Deputy Speaker of the House of Representatives
- In office August 9, 2017 – June 30, 2019 Serving with several others
- House Speaker: Pantaleon Alvarez Gloria Macapagal Arroyo

Mayor of Meycauayan
- In office June 30, 2019 – June 30, 2022
- Vice Mayor: Josefina Violago
- Preceded by: Henry Villarica
- Succeeded by: Henry Villarica

Personal details
- Born: July 25, 1949 (age 77) Banna, Ilocos Norte, Philippines
- Party: PFP (2023–present)
- Other political affiliations: PDP–Laban (2017–2023) Liberal (2009–2017)
- Spouse: Henry Villarica
- Children: 4
- Alma mater: University of the Philippines Diliman (BA)

= Linabelle Villarica =

Filipino politician (born 1949)

Linabelle Ruth Ramos Villarica (born July 25, 1949) is a Filipino politician who currently serves as the member of the House of Representatives from the 4th District of Bulacan since 2022 and previously from 2010 to 2019. She previously served as mayor of Meycauayan from 2019 to 2022.

==Early life and education==
Linabelle Villarica was born on July 25, 1949, in Espiritu (now Banna), Ilocos Norte. She graduated at the University of the Philippines Diliman with a course of Bachelor of Arts in speech and drama.

==Political career==
===Congresswoman for the 4th District (2010–2019)===
Villarica served as the member of the House of Representatives from the 4th District for nine years. She filed many house bills, including House Bill 4113 (100-Day Maternity Leave Bill). She served three terms in the House and also formerly served as Deputy Speaker.

===Mayor of Meycauayan (2019–2022)===
Villarica ran for mayor of Meycauayan in 2019 and won. She switched places with her husband Henry Villarica, who ran for congressman. She was sworn in on June 30, 2019.
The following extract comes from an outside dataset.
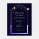 Welcome To Our Love Story Navy Blue Celestial Wedding Welcome Sign Celestial Cosmic Galaxy Space Acrylic Wedding Welcome Sign features a rainbow sun, moon and stars frame on a dark navy blue background. Inside the frame features the text "Welcome to our love story" with your names, wedding date and location in elegant peach calligraphy script. Designed for you by ©2024 Evco Studio www.zazzle.com/store/evcostudio

===Congresswoman for the 4th District (2022–present)===
Villarica ran for a return to Congress, switching places once again with her husband Henry Villarica. They eventually won the elections.

==Personal life==
Villarica is married to Henry Villarica, a former mayor of Meycauayan and now congressman from Bulacan's 4th district. Their family runs the Villarica Pawnshop. They have four children together.

On March 26, 2020, after her husband tested positive for COVID-19, she was placed under home quarantine.